TASK INPUT:
↓↓↓

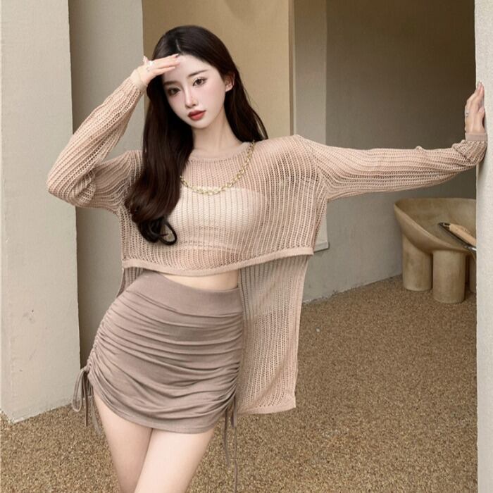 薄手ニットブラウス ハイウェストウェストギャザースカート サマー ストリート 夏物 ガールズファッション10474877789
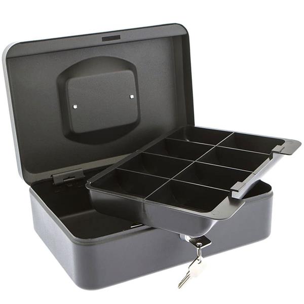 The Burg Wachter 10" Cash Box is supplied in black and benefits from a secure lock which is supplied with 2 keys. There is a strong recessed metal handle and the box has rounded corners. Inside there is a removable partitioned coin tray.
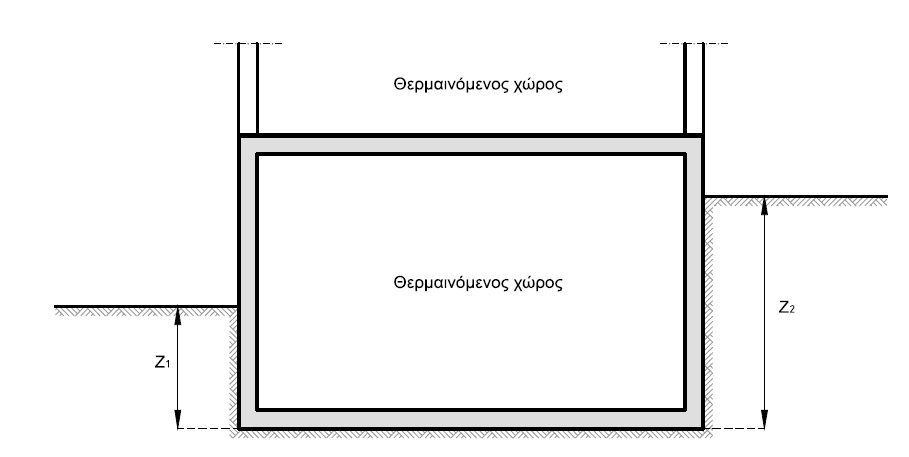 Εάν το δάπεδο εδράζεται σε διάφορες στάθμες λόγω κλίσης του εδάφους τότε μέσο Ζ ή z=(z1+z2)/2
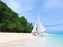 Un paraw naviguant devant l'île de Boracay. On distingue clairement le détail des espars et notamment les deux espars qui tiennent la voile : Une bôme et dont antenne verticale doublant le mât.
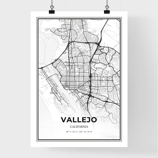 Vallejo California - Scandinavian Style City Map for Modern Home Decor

↑↑↑
↓↓↓

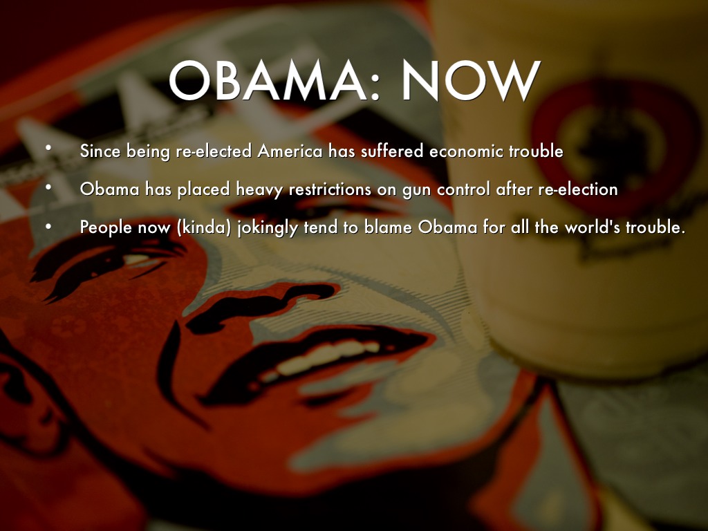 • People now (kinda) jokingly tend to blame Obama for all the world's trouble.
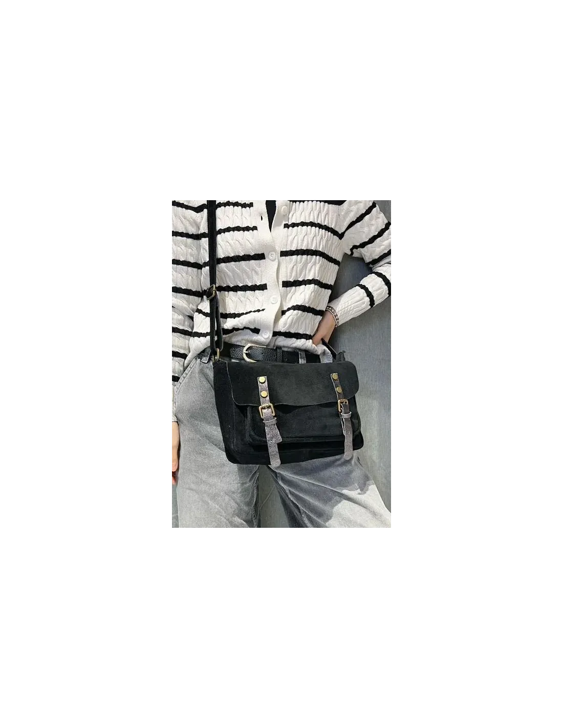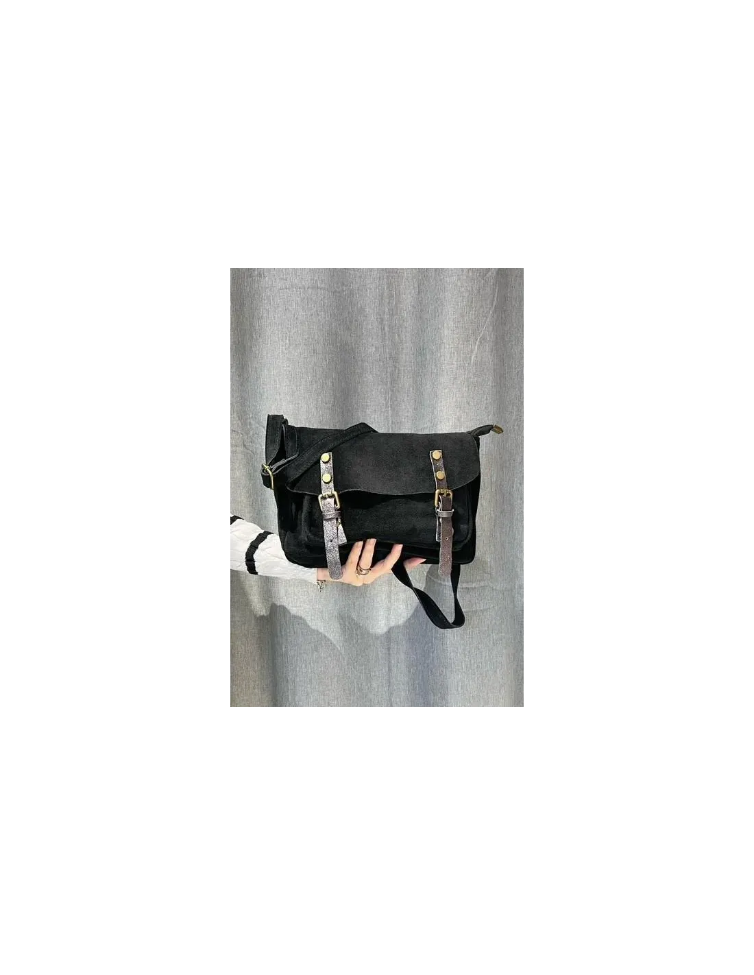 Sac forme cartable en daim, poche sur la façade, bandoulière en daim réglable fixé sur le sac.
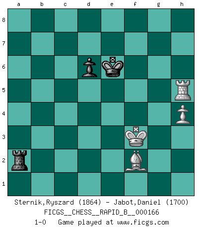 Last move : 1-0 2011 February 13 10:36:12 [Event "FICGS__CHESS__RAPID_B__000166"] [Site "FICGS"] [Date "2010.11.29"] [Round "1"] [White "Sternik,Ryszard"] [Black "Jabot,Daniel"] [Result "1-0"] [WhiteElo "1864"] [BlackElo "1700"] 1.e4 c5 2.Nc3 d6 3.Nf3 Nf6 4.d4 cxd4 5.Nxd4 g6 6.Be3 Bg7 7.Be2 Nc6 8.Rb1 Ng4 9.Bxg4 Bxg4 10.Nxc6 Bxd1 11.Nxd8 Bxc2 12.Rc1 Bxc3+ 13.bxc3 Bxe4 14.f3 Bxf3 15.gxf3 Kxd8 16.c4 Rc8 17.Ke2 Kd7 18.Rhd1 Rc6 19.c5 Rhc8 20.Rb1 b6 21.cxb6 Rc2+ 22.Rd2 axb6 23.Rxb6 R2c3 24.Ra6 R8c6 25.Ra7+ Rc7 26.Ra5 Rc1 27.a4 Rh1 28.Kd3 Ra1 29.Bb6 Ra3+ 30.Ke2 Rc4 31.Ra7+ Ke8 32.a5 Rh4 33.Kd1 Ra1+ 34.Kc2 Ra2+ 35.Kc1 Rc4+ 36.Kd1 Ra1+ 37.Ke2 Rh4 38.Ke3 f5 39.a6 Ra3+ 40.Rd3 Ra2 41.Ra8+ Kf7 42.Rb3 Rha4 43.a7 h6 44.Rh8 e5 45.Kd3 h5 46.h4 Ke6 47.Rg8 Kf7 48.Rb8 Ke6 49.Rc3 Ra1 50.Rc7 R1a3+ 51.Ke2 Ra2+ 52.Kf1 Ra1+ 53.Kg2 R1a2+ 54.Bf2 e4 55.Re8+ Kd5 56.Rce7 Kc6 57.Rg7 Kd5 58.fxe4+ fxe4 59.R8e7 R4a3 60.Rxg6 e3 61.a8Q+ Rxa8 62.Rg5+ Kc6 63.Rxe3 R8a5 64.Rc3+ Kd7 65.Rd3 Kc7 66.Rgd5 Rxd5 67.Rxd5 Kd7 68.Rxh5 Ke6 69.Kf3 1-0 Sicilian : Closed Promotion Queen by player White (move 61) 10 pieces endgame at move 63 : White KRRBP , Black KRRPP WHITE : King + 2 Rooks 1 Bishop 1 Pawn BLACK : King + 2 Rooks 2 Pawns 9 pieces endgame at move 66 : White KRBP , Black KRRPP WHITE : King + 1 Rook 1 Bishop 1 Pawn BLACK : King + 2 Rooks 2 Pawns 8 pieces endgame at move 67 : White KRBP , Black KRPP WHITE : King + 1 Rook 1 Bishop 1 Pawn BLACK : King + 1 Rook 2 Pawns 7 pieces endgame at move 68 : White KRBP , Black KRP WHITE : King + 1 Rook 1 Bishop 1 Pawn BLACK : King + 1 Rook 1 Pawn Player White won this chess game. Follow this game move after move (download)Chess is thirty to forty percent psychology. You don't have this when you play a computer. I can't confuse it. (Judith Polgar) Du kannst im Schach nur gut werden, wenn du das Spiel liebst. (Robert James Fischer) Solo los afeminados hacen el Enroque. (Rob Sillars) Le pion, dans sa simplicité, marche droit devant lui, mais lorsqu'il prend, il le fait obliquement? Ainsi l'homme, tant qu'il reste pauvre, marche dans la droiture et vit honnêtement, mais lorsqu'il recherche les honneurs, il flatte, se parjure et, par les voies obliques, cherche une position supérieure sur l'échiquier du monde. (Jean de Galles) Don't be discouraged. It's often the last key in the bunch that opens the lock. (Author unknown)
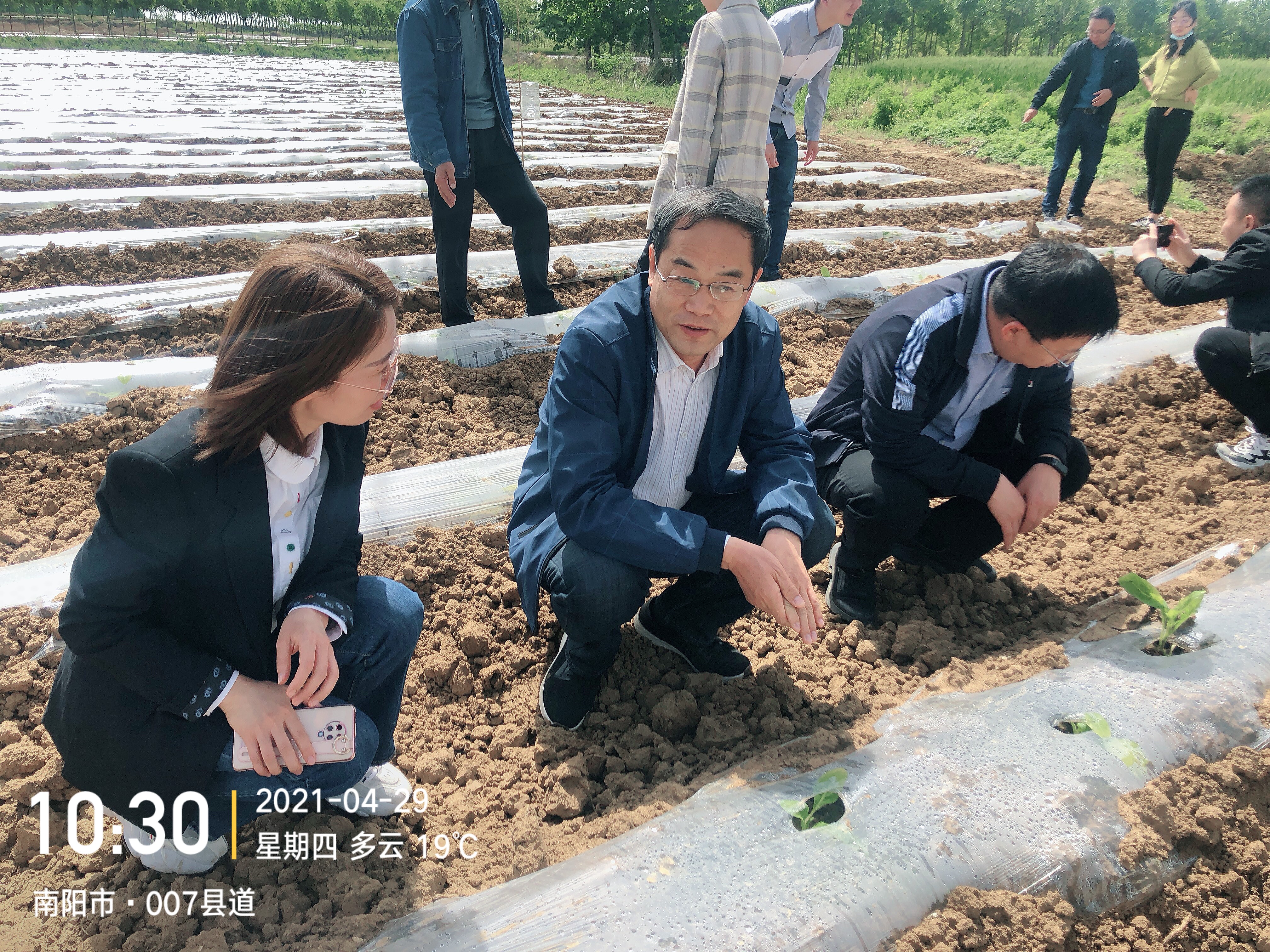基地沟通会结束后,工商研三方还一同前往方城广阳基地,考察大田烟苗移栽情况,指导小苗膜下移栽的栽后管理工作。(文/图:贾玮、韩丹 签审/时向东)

↑↑↑

WHAT IS NEEDED: Look above for the line with "薄手ニットブラウス ハイウェストウェストギャザースカート サマー" and the line with "Vallejo California - Scandinavian". Give again exactly those two lines and all lines between them, pictures excluded.

SOLUTION:
 薄手ニットブラウス ハイウェストウェストギャザースカート サマー ストリート 夏物 ガールズファッション10474877789
 The Burg Wachter 10" Cash Box is supplied in black and benefits from a secure lock which is supplied with 2 keys. There is a strong recessed metal handle and the box has rounded corners. Inside there is a removable partitioned coin tray.
 Εάν το δάπεδο εδράζεται σε διάφορες στάθμες λόγω κλίσης του εδάφους τότε μέσο Ζ ή z=(z1+z2)/2
 Un paraw naviguant devant l'île de Boracay. On distingue clairement le détail des espars et notamment les deux espars qui tiennent la voile : Une bôme et dont antenne verticale doublant le mât.
 Vallejo California - Scandinavian Style City Map for Modern Home Decor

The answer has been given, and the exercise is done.